Good news for vapers who aren’t keen on sucking back a chemical widely used in embalming fluid: e-cigarettes don’t appear to emit as much formaldehyde as previously thought, and tend to emit levels much lower than cigarettes, according to a study published this week in Regulatory Toxicology and Pharmacology.
The study was a kind of rebuttal to a controversial letter published in the New England Journal of Medicine last year that raised alarm bells about dangerously high levels of formaldehyde in e-cigarette vapor. The letter outlined a test the authors had done to measure the levels of formaldehyde (a known carcinogen) emitted from an e-cigarette, writing that the device tested puffed out as much as five times the formaldehyde as cigarettes when on the highest heat setting. The authors even concluded that vapers were at as much as 15 times higher risk of cancer than smokers.
Many scientists took umbrage with this letter, highlighting some flaws in the methodology and conclusion. More than 40 researchers and experts backed a plea to have the letter retracted. Part of the criticism circled around the fact that the researchers had only detected these high formaldehyde emissions when the vaporizer was cranked to a very high voltage level. When vaporizers heat up that quickly, they rip through juice too fast, dry out, and create a nasty taste.
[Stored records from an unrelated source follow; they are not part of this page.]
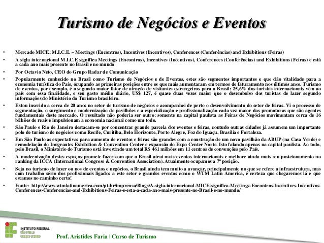 4. 4. Prof. Aristides Faria | Curso de TurismoProf. Aristides Faria | Curso de Turismo Turismo de Negócios e Eventos • Turismo de Negócios e Eventos: Turismo de Negócios e Eventos compreende o conjunto de atividades turísticas decorrentes dos encontros de interesse profissional, associativo, institucional, de caráter comercial, promocional, técnico, científico e social. • A globalização, a formação de blocos econômicos, a aceleração da economia mundial e o crescimento das multinacionais são alguns dos fatores que configuraram um movimento internacional sem precedentes para a efetivação de transações e relacionamentos de caráter comercial, e a realização de eventos com finalidades e interesses diversos. • O Brasil vem se posicionando como um destino de negócios, com destaque para as áreas de telecomunicações, biotecnologia, finanças, moda, entre outras. No que se refere à realização de eventos, a profissionalização do setor e as opções de lazer relacionadas à diversidade dos recursos naturais e culturais são alguns dos fatores para o crescimento do segmento. • Os eventos, por sua vez, compreendem encontros programados e organizados como congressos, convenções, simpósios, lançamentos, mostras, exposições e feiras.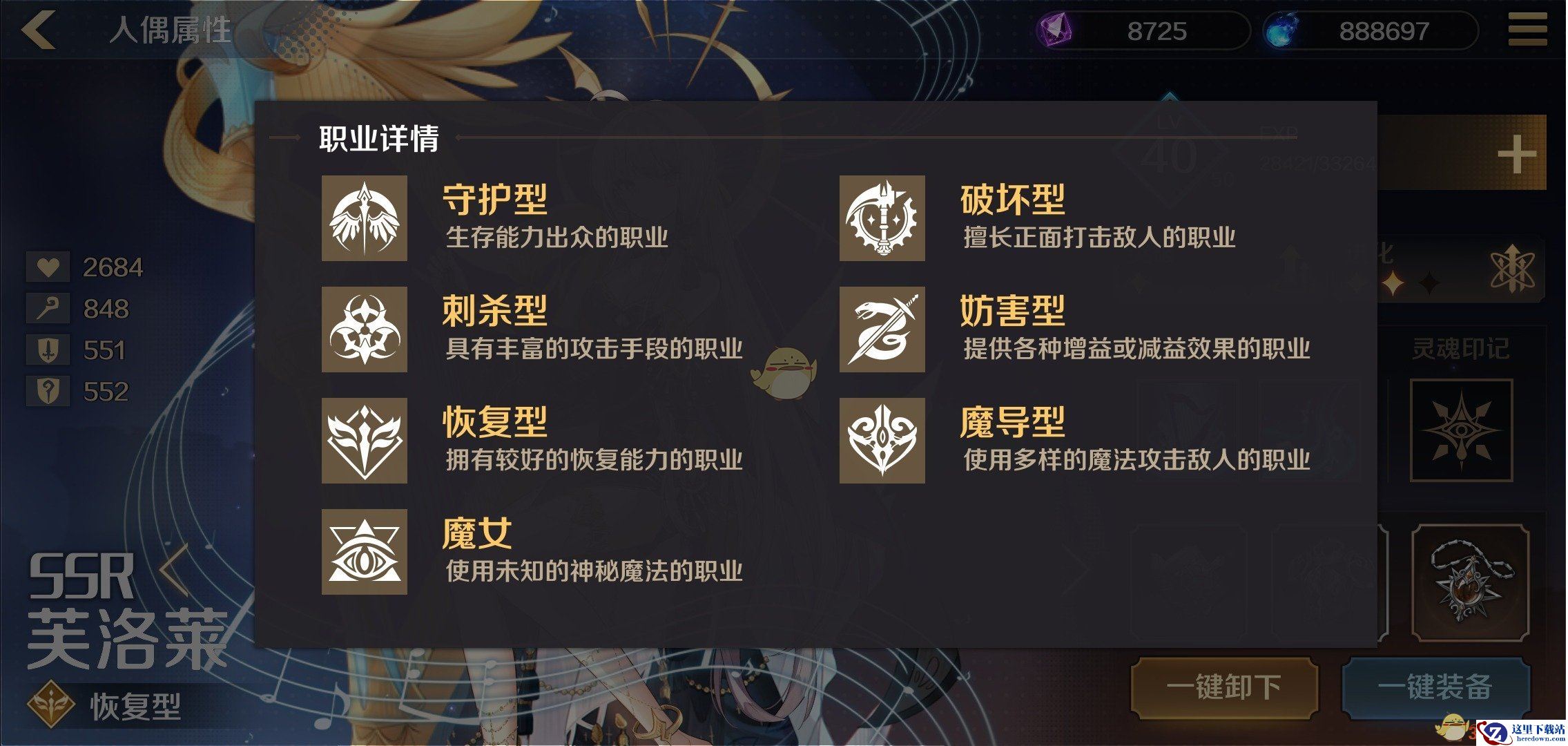 虽然游戏里一共有守护、刺杀、恢复、破坏、妨害、魔导、六种职业(没有把魔女算在其中),但是可以将这六种职业分成三种定位。首先坦克定位的是守护职业,守护职业的特点就是血厚并且防御力高。输出定位一共有三个职业:刺杀、破坏、魔导,其中刺杀主要是专偷袭敌人后排,破坏是主要的物理输出,魔导则是主要的魔法输出。其次妨害和恢复是辅助定位,这两种职业分别提供回血和一些buff。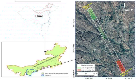 Shangwan Coal Mine, under the ownership of the Shendong Coal Group, holds significant importance as a production mine. This study is centered around the 12,401 working face within Shangwan Coal Mine. The surface elevation of this working face varies between 1188 and 1300 m, while the floor elevation ranges from 1043 to 1066 m. The coal seam has an average thickness of 9 m and an inclination of approximately 1 to 5°. The dimensions of the working face are 5000 m × 300 m, with a designed mining height of 8.6 m, and mining depths ranging from 150 to 250 m. The study area presents a hilly terrain plateau with relatively minor fluctuations. Sparse grasslands, bare sand, and shrubs predominantly cover the surface. Figure 9 offers an overview of the 12,401 working face, which is situated near the open-off cut area and the mining-stop area of the working face. In the upper right corner, there is a schematic diagram illustrating the orbit direction and LOS direction of the SAR data used in this article.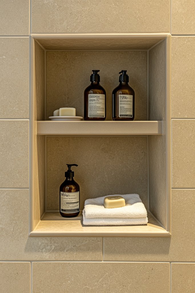 Ever wished your bathroom had hidden storage that doesn’t stick out like a sore thumb? Recessed shelving provides a sleek, built-in solution that keeps clutter out of sight while maintaining a minimalist vibe. It’s perfect for small spaces where every inch counts.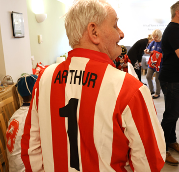 Arthur Harland, a resident at our sheltered scheme Albany House, wore his very own SAFC shirt from 1973 and brought his own photos and postcards to show volunteers from the museum and students from Grange Park Primary School.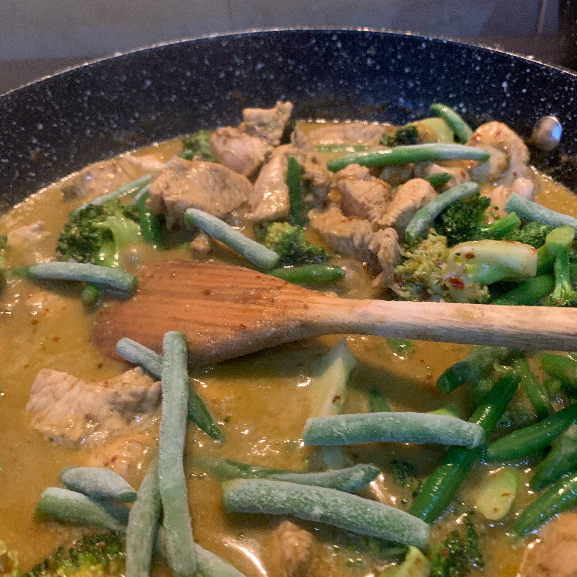 I had a yearning for a different curry and found this Thai curry recipe. I didn’t want to make the curry paste as I had an authentic one in the fridge. This is very easy to make and the flavour sublimely fragrant. I didn’t see the need for bean sprouts or adding a wedge of lime. Instead, I added baby spinach to enhance the nutritional value plus it needed to be used. The finished flavour met my needs after tasting, so check its to your taste if you make it. I would recommend the authenticity of this recipe.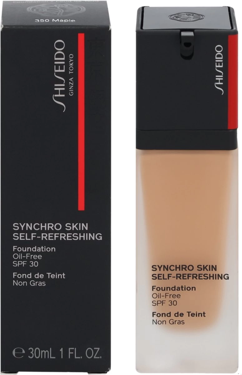 Vloeibare Foundation Synchro Skin Self-Refreshing Shiseido 350-maple (30 ml) is wat jij nodig hebt om jezelf extra in de verf te zetten! Probeer de kwaliteit uit van 100% originele Shiseido producten en laat echte professionals je schoonheid accentueren.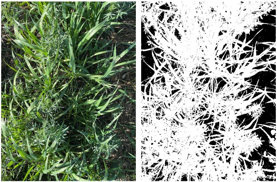 We have been regularly monitoring canopy cover using the Canopeo app. The app captures an image of an area of crop, green elements appear as white pixels and all other elements appear as black pixels, and an estimate of canopy cover is given as a percentage. The example given is from the Regenerative treatment which has oats, vetch and lupins. Canopeo estimates canopy cover is approximately 72%.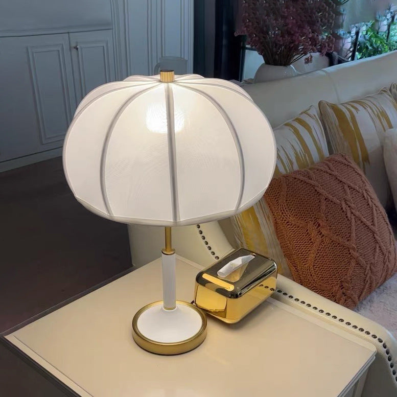 Contemporary Retro Dome Hardware Fabric 1-Light Table Lamp For Bedroom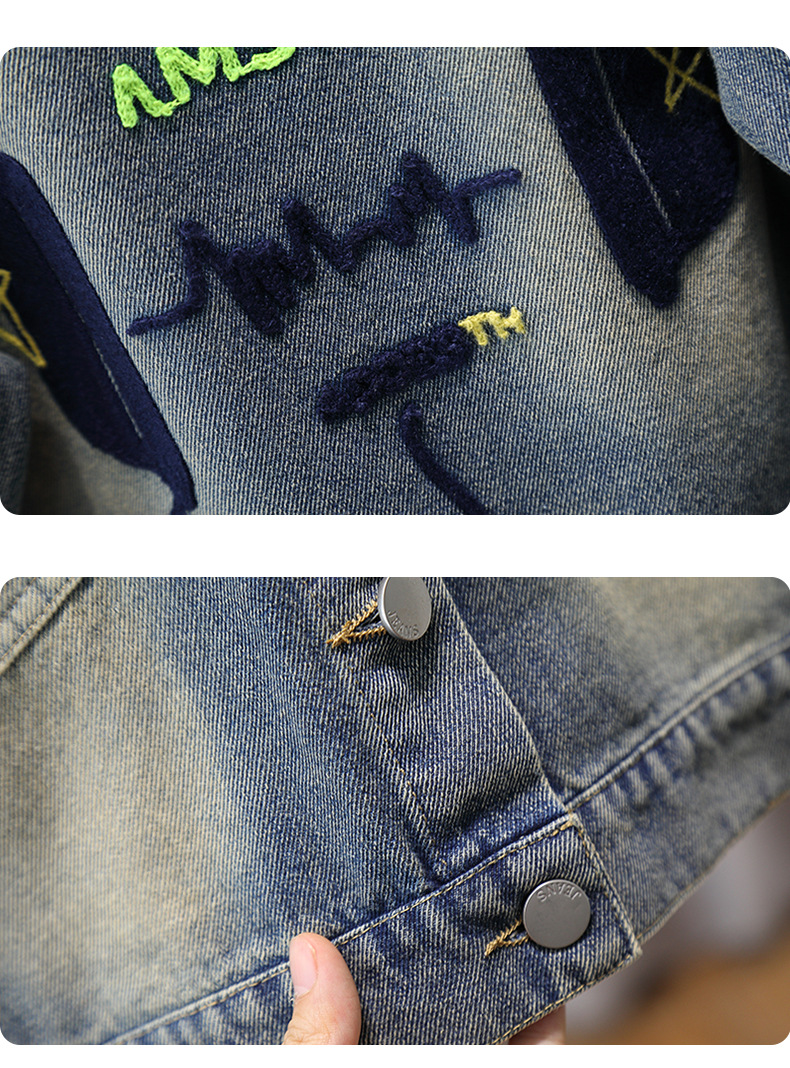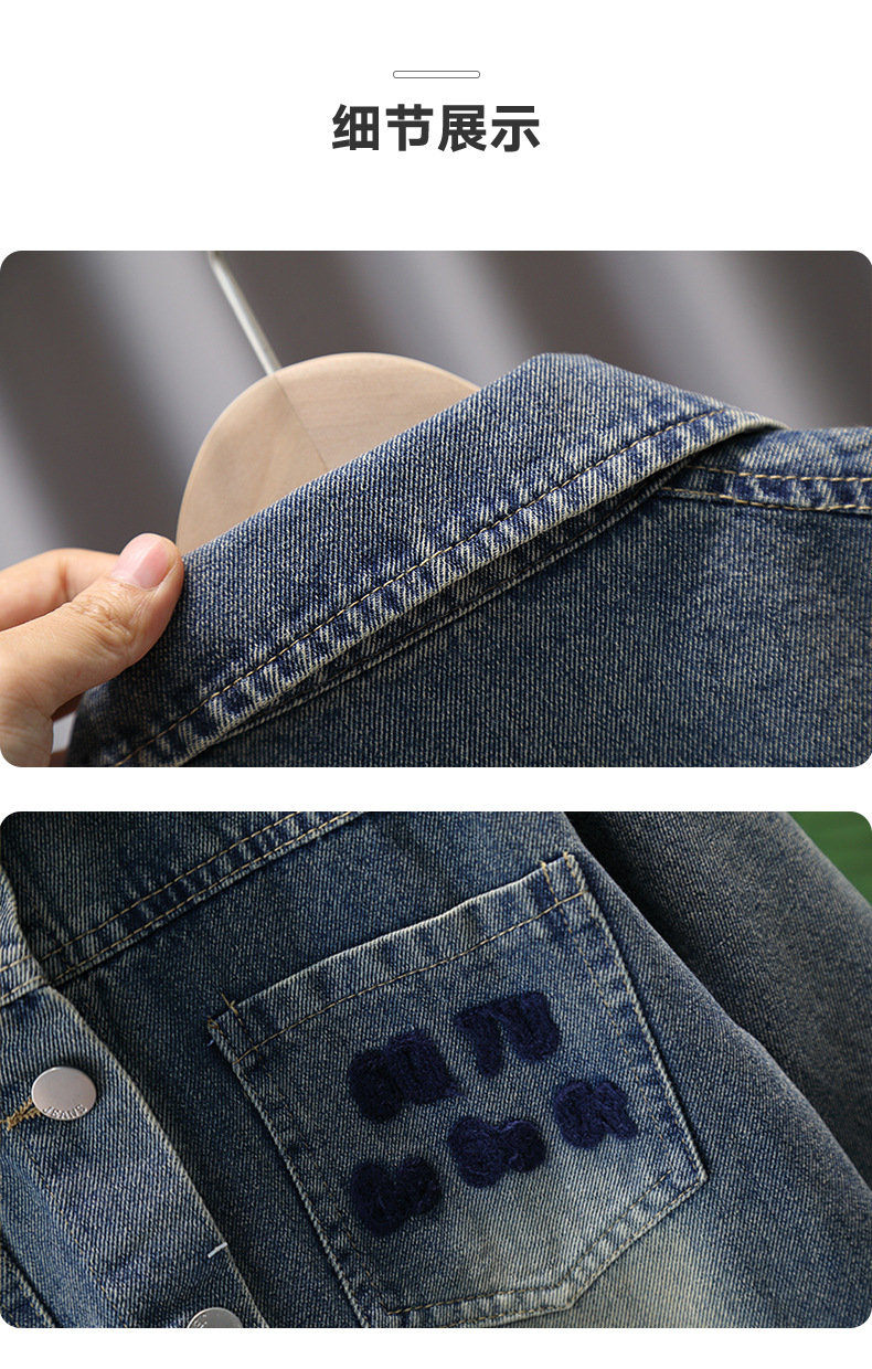 소년 자켓 봄과 가을 2024 새로운 어린이 데님 재킷 올 매치 타월 자수 남성 보물 가을 재킷스토어 가기

It’s so noticeable that vapers even have a name for it, a “dry puff” or “dry hit,” and try to avoid it. (Seriously, one Redditor described it as “burnt hair flavor” and described a desperate attempt to get the taste out of his or her throat after a single hit.)
Another criticism was with lumping all devices in under the results from testing just one type of vaporizer.
“There needs to be context because the term ‘electronic cigarette’ is not just one thing,” said Kurt Kistler, a chemistry professor at Penn State and co-author of the new study. “E-cigarettes include a huge variety of devices, power settings, wattage control, voltage control, and even temperature control.”
Rather than just write a letter, Kistler decided to just do the same experiment himself to see if he could recreate the findings, the results of which are what was published this week.
Kistler worked with a team of researchers at Enthalpy Analytical, a lab in North Carolina that focuses on e-liquid testing, to analyze the vapor of five different refillable e-cigarette devices for the presence of three different aldehydes: formaldehyde, acetaldehyde, and acrolein, all of which are known to emerge when mixtures of glycerol and propylene glycol (the main ingredients in e-liquids) are heated. These chemicals are some of the laundry list of nasty emissions produced by cigarettes. Formaldehyde is considered a carcinogen, acetaldehyde is considered a possible carcinogen, and acrolein can cause lung damage. They’re not something you want to be inhaling regularly.
Kistler and his team found that the levels emitted varied widely depending on the device and the power used, but that most levels were far below what smokers inhale. Even at the highest power settings, three of the five devices produced formaldehyde, acetaldehyde, and acrolein levels of less than 1 milligram each per day. In contrast, smoking a pack of cigarettes in a day exposes a smoker to 1.5-2.5 mg of formaldehyde, 10-30 mg of acetaldehyde, and 1.5-3 mg of acrolein. The levels emitted by those three e-cigarettes were also well below the exposure limits for these chemicals outlined by the Occupational Safety and Health Administration.
Image:Regulatory Toxicology and Pharmacology
One of the other two devices started to produce higher levels of formaldehyde and acetaldehyde at its two highest power settings, and the other had consistently high levels of both of these compounds throughout the test. In fact, the one device was consistently emitting levels higher than cigarettes, in some cases as high as 20 times higher.
However, the researchers had a theory for why that may have been the case: the coil (the part of the device that distributes heat to the e-juice) could have become overheated after using up all the liquid, causing dry puff. Previous studies have shown vaporizers with overheated coils can lead to high emissions of aldehydes. After the study was done, the researchers noticed the coil was charred, which backs up their theory, though they can’t be sure this is what happened. Still, the possibility is important to point out because dry puff is so gross, it’s unlikely any vaper would use a device at that level.
“Dry puff is noxious,” Kistler said. “It burns the nose. It burns the throat. It’s very, very unpleasant. No vaper is going to just sit there and inhale that. It kind of forces the vaper to just shut it off entirely.”
Of course, five devices don’t represent the entirety of the vast e-cigarette industry. There are countless other models, customizations, and other variables like flavorings (the researchers used unflavored liquid in this study) that could result in different emissions. Kistler readily acknowledged there’s more work to do, but said he wanted to establish the need to include the context of user habits and device variability when studying the health risks of vaping.
“We wanted to get a baseline and give people the information that these early studies were not the end of the story whatsoever,” Kistler said.